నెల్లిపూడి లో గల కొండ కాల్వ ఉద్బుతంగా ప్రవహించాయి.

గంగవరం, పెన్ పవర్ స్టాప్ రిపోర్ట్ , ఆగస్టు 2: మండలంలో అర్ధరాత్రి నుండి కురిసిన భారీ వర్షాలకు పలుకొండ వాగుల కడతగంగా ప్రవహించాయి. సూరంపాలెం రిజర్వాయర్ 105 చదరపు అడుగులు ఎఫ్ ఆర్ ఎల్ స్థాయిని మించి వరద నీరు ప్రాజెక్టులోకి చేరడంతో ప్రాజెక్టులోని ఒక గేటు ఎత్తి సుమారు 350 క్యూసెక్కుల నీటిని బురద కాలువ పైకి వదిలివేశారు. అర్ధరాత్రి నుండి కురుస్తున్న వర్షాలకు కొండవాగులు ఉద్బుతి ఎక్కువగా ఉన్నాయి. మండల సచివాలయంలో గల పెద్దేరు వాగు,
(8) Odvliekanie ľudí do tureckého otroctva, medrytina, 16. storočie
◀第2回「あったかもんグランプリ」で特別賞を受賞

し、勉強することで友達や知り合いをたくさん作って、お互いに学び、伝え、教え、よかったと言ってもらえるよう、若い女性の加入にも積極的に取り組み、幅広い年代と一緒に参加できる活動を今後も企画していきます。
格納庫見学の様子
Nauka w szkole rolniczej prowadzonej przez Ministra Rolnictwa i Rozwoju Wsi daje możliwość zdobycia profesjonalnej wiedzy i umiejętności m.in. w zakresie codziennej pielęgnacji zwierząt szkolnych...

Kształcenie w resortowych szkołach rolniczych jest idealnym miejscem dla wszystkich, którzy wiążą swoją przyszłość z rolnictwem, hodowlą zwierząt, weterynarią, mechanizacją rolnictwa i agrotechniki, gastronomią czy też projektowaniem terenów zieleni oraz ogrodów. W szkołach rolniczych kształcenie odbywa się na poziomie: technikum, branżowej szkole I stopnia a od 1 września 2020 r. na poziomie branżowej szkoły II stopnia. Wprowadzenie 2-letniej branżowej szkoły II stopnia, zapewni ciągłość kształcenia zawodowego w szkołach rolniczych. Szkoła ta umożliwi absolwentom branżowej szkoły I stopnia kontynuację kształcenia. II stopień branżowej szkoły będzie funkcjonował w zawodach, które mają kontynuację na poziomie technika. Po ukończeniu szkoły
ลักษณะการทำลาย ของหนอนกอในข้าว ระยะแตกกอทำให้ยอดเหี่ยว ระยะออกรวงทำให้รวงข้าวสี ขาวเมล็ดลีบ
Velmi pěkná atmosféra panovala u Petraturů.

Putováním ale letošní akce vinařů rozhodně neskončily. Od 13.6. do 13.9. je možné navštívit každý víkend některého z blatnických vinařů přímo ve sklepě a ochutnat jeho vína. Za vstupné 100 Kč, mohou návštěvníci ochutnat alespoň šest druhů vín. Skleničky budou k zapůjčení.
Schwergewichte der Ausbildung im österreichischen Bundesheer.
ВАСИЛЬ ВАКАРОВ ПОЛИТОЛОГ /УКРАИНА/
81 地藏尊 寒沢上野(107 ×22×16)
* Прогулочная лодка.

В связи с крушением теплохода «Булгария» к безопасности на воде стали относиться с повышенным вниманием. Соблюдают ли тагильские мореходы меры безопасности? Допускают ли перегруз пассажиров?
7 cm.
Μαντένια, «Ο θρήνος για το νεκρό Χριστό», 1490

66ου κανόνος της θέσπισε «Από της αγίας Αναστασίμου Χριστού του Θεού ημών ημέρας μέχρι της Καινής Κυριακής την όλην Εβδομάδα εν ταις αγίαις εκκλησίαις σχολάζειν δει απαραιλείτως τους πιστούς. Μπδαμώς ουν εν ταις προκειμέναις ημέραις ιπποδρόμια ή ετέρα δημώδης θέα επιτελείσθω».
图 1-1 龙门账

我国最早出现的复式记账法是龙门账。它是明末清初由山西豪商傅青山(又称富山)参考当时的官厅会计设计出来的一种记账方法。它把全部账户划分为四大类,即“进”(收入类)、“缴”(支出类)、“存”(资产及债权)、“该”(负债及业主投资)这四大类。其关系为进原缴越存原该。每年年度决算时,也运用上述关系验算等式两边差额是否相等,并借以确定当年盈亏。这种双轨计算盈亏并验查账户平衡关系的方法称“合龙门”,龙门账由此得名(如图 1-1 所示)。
◆ ◆ ◆ ◆ ◆
Using the records above, repeat exactly the lines from the first one through the line with "Nauka w szkole".

నెల్లిపూడి లో గల కొండ కాల్వ ఉద్బుతంగా ప్రవహించాయి.

గంగవరం, పెన్ పవర్ స్టాప్ రిపోర్ట్ , ఆగస్టు 2: మండలంలో అర్ధరాత్రి నుండి కురిసిన భారీ వర్షాలకు పలుకొండ వాగుల కడతగంగా ప్రవహించాయి. సూరంపాలెం రిజర్వాయర్ 105 చదరపు అడుగులు ఎఫ్ ఆర్ ఎల్ స్థాయిని మించి వరద నీరు ప్రాజెక్టులోకి చేరడంతో ప్రాజెక్టులోని ఒక గేటు ఎత్తి సుమారు 350 క్యూసెక్కుల నీటిని బురద కాలువ పైకి వదిలివేశారు. అర్ధరాత్రి నుండి కురుస్తున్న వర్షాలకు కొండవాగులు ఉద్బుతి ఎక్కువగా ఉన్నాయి. మండల సచివాలయంలో గల పెద్దేరు వాగు,
(8) Odvliekanie ľudí do tureckého otroctva, medrytina, 16. storočie
◀第2回「あったかもんグランプリ」で特別賞を受賞

し、勉強することで友達や知り合いをたくさん作って、お互いに学び、伝え、教え、よかったと言ってもらえるよう、若い女性の加入にも積極的に取り組み、幅広い年代と一緒に参加できる活動を今後も企画していきます。
格納庫見学の様子
Nauka w szkole rolniczej prowadzonej przez Ministra Rolnictwa i Rozwoju Wsi daje możliwość zdobycia profesjonalnej wiedzy i umiejętności m.in. w zakresie codziennej pielęgnacji zwierząt szkolnych...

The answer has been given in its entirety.